## Material provided
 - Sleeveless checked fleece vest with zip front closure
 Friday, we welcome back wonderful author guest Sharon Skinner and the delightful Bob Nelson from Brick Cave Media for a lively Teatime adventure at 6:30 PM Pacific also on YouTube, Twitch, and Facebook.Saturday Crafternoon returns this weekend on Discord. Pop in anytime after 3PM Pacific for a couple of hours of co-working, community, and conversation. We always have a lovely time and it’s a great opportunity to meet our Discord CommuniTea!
==
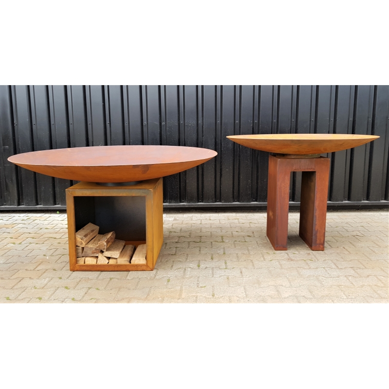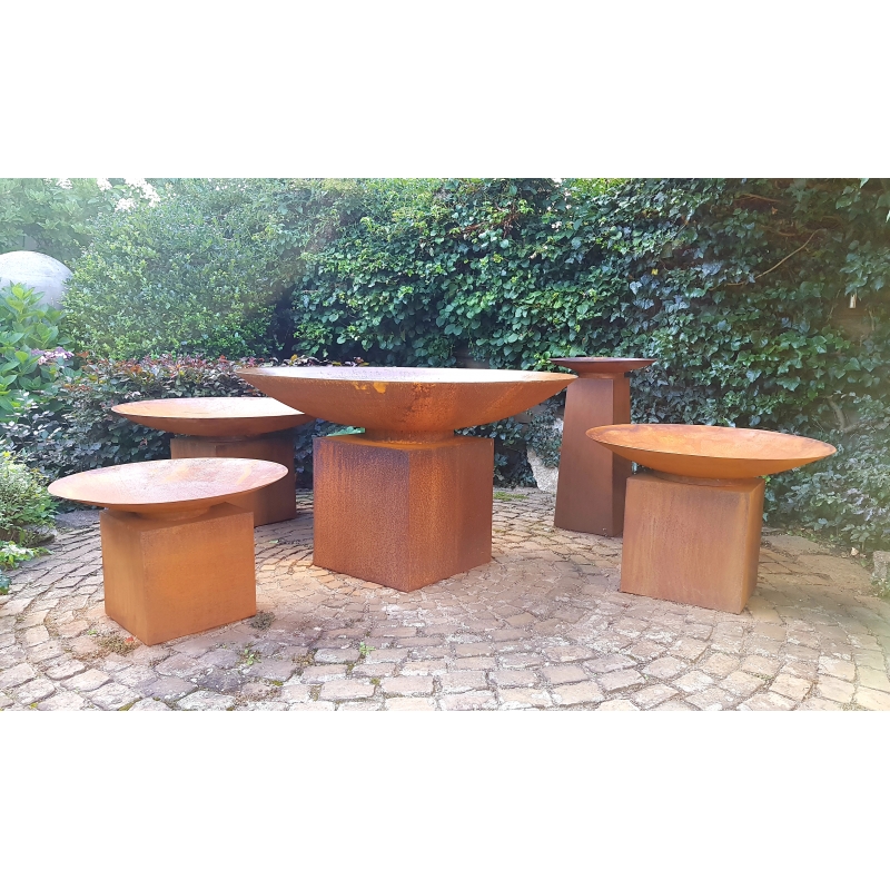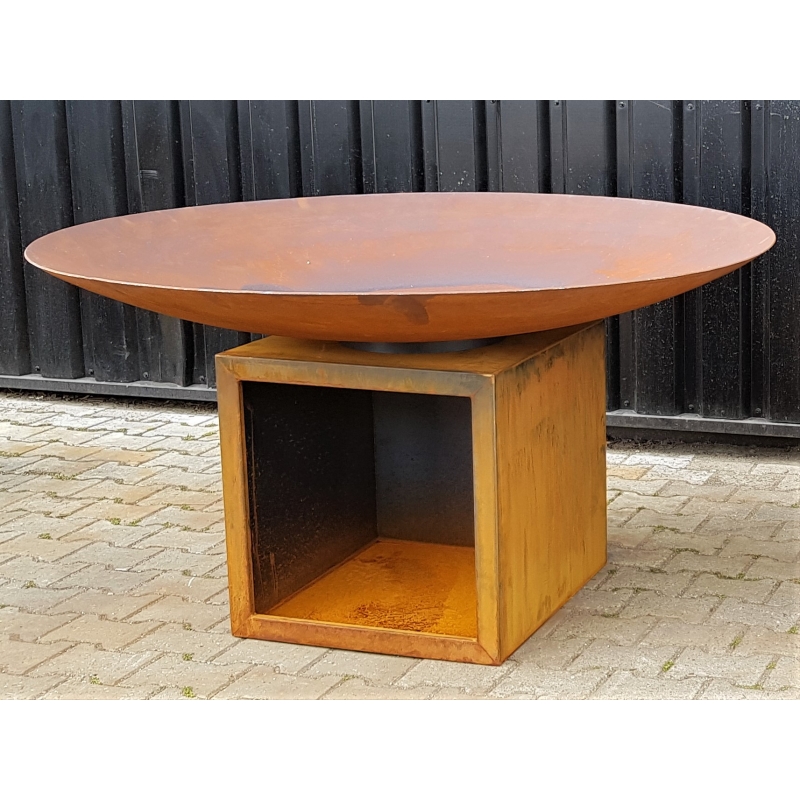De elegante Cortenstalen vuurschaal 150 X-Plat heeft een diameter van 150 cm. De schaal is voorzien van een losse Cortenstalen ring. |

## To do
What you give back should be exactly the lines of the data above from the line with "- Sleeveless checked" through the line with "Friday, we welcome", both of those included, and nothing more.

## Result of this exercise
 - Sleeveless checked fleece vest with zip front closure
 Friday, we welcome back wonderful author guest Sharon Skinner and the delightful Bob Nelson from Brick Cave Media for a lively Teatime adventure at 6:30 PM Pacific also on YouTube, Twitch, and Facebook.Saturday Crafternoon returns this weekend on Discord. Pop in anytime after 3PM Pacific for a couple of hours of co-working, community, and conversation. We always have a lovely time and it’s a great opportunity to meet our Discord CommuniTea!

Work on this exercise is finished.